Nothing quite says “you’re living in the future” like the knowledge that defense giant Lockheed Martin has developed a giant laser blaster and is demonstrating its awesome power by using it to blow autonomous drones out of the sky. That’s exactly what Lockheed did in a recent showcase with the U.S. Army Space and Missile Defense Command. Its prototype laser weapon system ATHENA (Advanced Test High Energy Asset) was used to fry the heck out of five Outlaw drones.
“The tests at [White Sands Missile Range in New Mexico] against aerial targets validated our lethality models and replicated the results we’ve seen against static targets at our own test range,” said Keoki Jackson, Lockheed Martin’s chief technology officer, in a statement. “As we mature the technology behind laser weapon systems, we’re making the entire system more effective and moving closer to a laser weapon that will provide greater protection to our warfighters by taking on more sophisticated threats from a longer range.”

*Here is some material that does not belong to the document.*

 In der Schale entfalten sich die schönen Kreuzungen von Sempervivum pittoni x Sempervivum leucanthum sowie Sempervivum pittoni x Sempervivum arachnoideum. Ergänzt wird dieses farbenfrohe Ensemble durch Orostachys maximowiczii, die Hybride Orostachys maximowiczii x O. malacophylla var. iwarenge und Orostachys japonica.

The ATHENA weapon is currently powered by a compact Rolls-Royce turbo generator. As we’ve noted before, what makes the weapon special (apart from being a freaking ground-mounted laser that haunts the dreams of drones everywhere) is the fact that it boasts a smart modular design that allows its operators to vary the amount of power it wields by adding or taking away laser modules. The base model is capable of shooting a 60 kW beam, which could be upped to 120 kW if required.

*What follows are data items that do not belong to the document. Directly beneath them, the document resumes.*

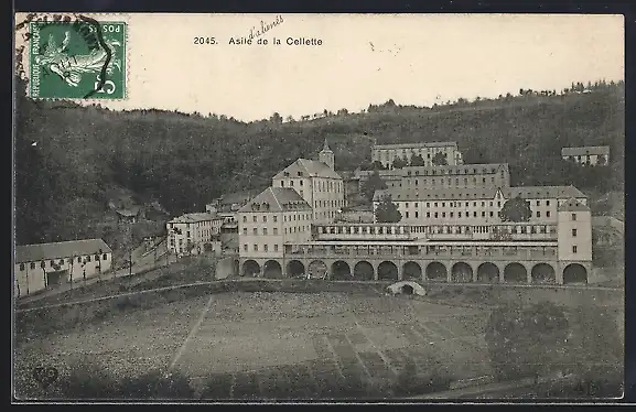 AK La Cellette, Vue de l`Asile entouré de collines boisées
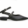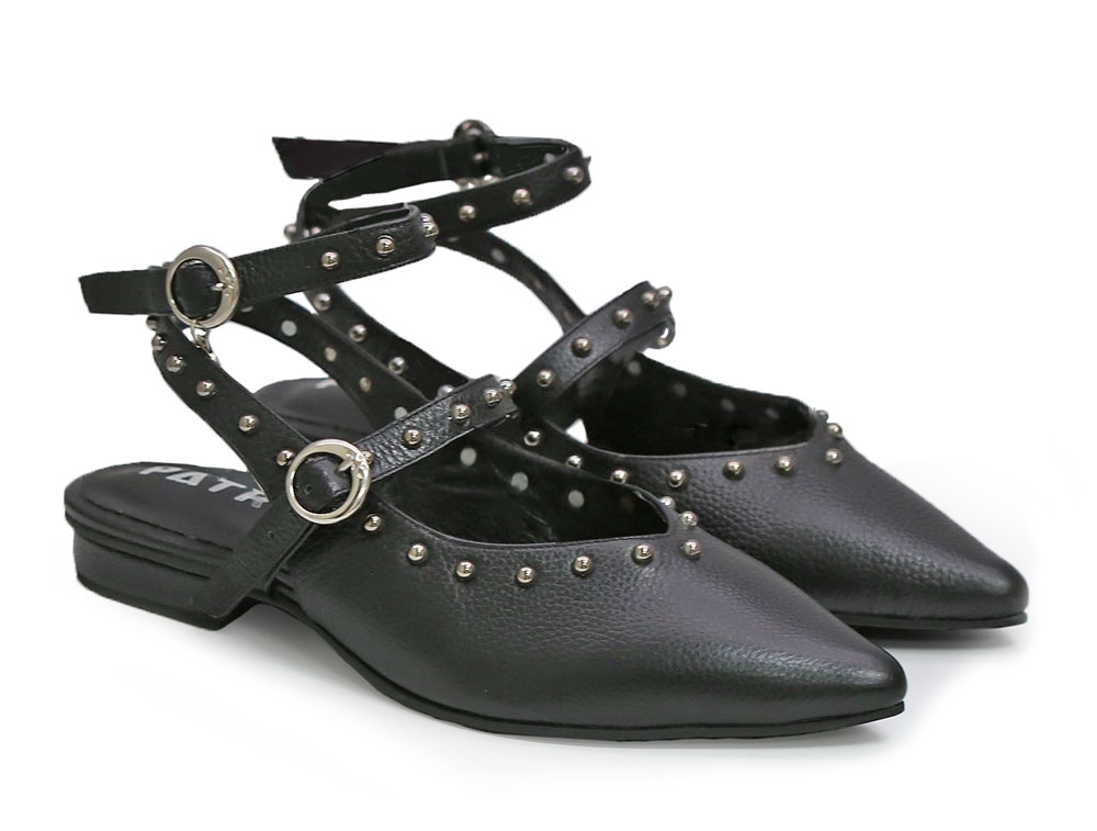 Baleta con diseño moderno y elegante en cuero negro. Cuentan con correas cruzadas al empeine ajustables que brindan seguridad, y taches metálicos decorativos que aportan un toque urbano y sofisticado. La plantilla acolchada garantiza comodidad durante todo el día, y la suela plana en caucho proporciona estabilidad y durabilidad. Perfectos para combinar con atuendos casuales o semiformales.
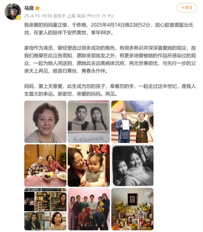 四月十五日,摄像师、作家马良透露,自己的母亲、演员童正维于四月十四日因心脏衰竭无效死亡,享年88岁。

As to why it’s being used in demonstrations to shoot unmanned aerial vehicles, the explanation is in the fact that, once deployed, the ATHENA laser may one day help protect soldiers in combat from threats that could possibly include swarms of drones. One big advantage of lasers like ATHENA is that they offer greater speed, flexibility, precision, and lower cost per engagement when compared to alternative weapons.
Following the recent test, Lockheed Martin and the U.S. Army will now carry out a post mission review, with data collected following the trial used to further refine the system, improve model predictions, and — just maybe — help build bigger, better, and badder future laser systems.